● DATA
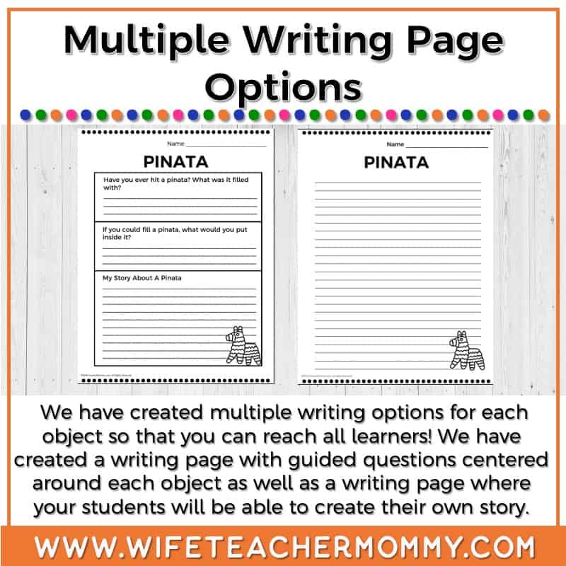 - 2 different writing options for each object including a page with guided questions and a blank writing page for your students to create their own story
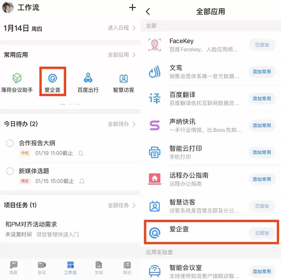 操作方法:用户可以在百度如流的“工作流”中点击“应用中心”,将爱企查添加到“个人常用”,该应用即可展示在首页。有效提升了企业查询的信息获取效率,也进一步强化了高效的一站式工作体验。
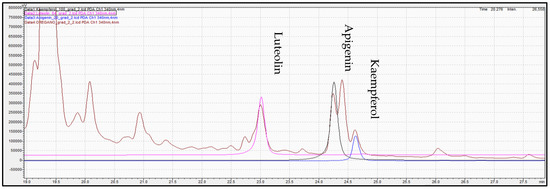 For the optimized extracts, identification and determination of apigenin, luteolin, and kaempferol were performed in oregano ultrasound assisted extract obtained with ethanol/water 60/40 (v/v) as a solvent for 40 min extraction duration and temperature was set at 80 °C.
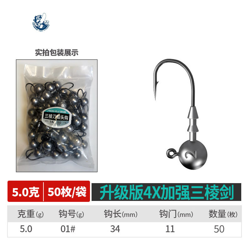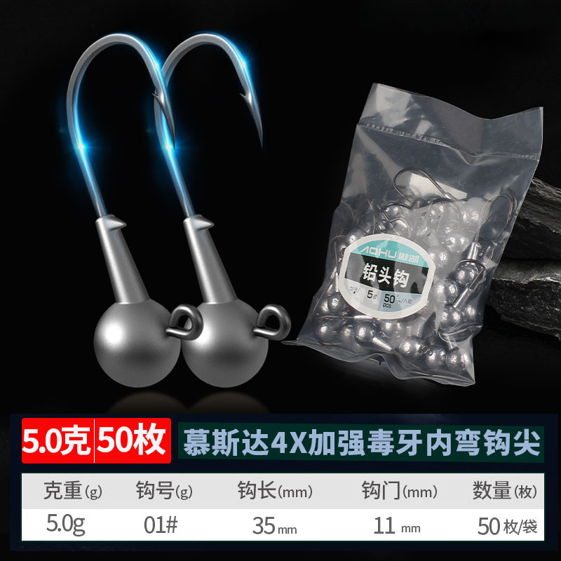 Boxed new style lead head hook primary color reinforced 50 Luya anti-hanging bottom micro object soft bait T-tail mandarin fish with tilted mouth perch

● TASK BRIEF
Reproduce the data exactly, please, and omit its pictures.

● RESULT OF THIS TASK
 - 2 different writing options for each object including a page with guided questions and a blank writing page for your students to create their own story
 操作方法:用户可以在百度如流的“工作流”中点击“应用中心”,将爱企查添加到“个人常用”,该应用即可展示在首页。有效提升了企业查询的信息获取效率,也进一步强化了高效的一站式工作体验。
 For the optimized extracts, identification and determination of apigenin, luteolin, and kaempferol were performed in oregano ultrasound assisted extract obtained with ethanol/water 60/40 (v/v) as a solvent for 40 min extraction duration and temperature was set at 80 °C.
 Boxed new style lead head hook primary color reinforced 50 Luya anti-hanging bottom micro object soft bait T-tail mandarin fish with tilted mouth perch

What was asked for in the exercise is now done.